As the goal of this endeavour was to generate comprehensive data quality reports, the computed values were then put into a quality check report to increase user friendliness and showcase how such a report can be shared along with metadata of a dataset. Figure 1 shows the UI of the data quality agent with a generated report ready for sharing. Each quality check result is visually encoded using a colour scheme based on configurable threshold values. By default, checks implemented via Clinical Quality Language (CQL) use a warning threshold of 10% and an error threshold of 30%. For example, if more than 10% of records fail a check, the result is shown in yellow (warning); if more than 30% fail, it is shown in red (error). Results below the warning threshold appear in green to indicate acceptable quality. These threshold values were selected for demonstration purposes and can be adjusted individually for each quality check based on project-specific requirements.
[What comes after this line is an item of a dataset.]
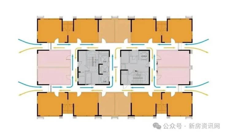 摒弃传统单过道,采用双环通走廊,极大提升通风采光,户户单边设计,无门户相对,舒适度不言而喻,打造私密品质生活

To further demonstrate the applicability of the proposed approach, a pilot implementation is currently underway within the federated search system of the European Research Infrastructure for Biobanking and Biomolecular Resources (BBMRI-ERIC) [27]. While tools for authorised personnel to locally generate non-privatised quality reports already exist [28], the quality checks developed in this study, aiming for semi-public disclosure, are being deployed across individual nodes of the federation. Figure 2 presents a high-level overview of the architecture and introduces two key components that enable this functionality: the Data Quality Metrics Agent (DQMA) and the Data Quality Metrics Server (DQMS).Fig. 2. Federated data quality assessment system architecture diagram
The DQMA operates locally at each node within the federated system. It executes quality checks, collects data quality metrics, and interprets the results locally, ensuring that sensitive information is never exposed outside the local environment. When metrics are transmitted to the DQMS, only numbers obfuscated using differential privacy are sent, such as the report visible in Fig. 1.
The DQMS centrally aggregates and visualises the quality metrics for individual datasets via a configurable dashboard. This server-side component functions independently of the federated system’s core search or analysis interfaces, allowing for easy integration into diverse system architectures. A key aspect of this setup is the definition and configuration of the quality metrics themselves, which can either be maintained locally by the DQMA or retrieved from the DQMS to ensure consistency and manageability across deployments.
Discussion
The results demonstrate that applying differential privacy to quality checks effectively highlights dataset quality while safeguarding sensitive information. However, the current proof-of-concept has four main limitations.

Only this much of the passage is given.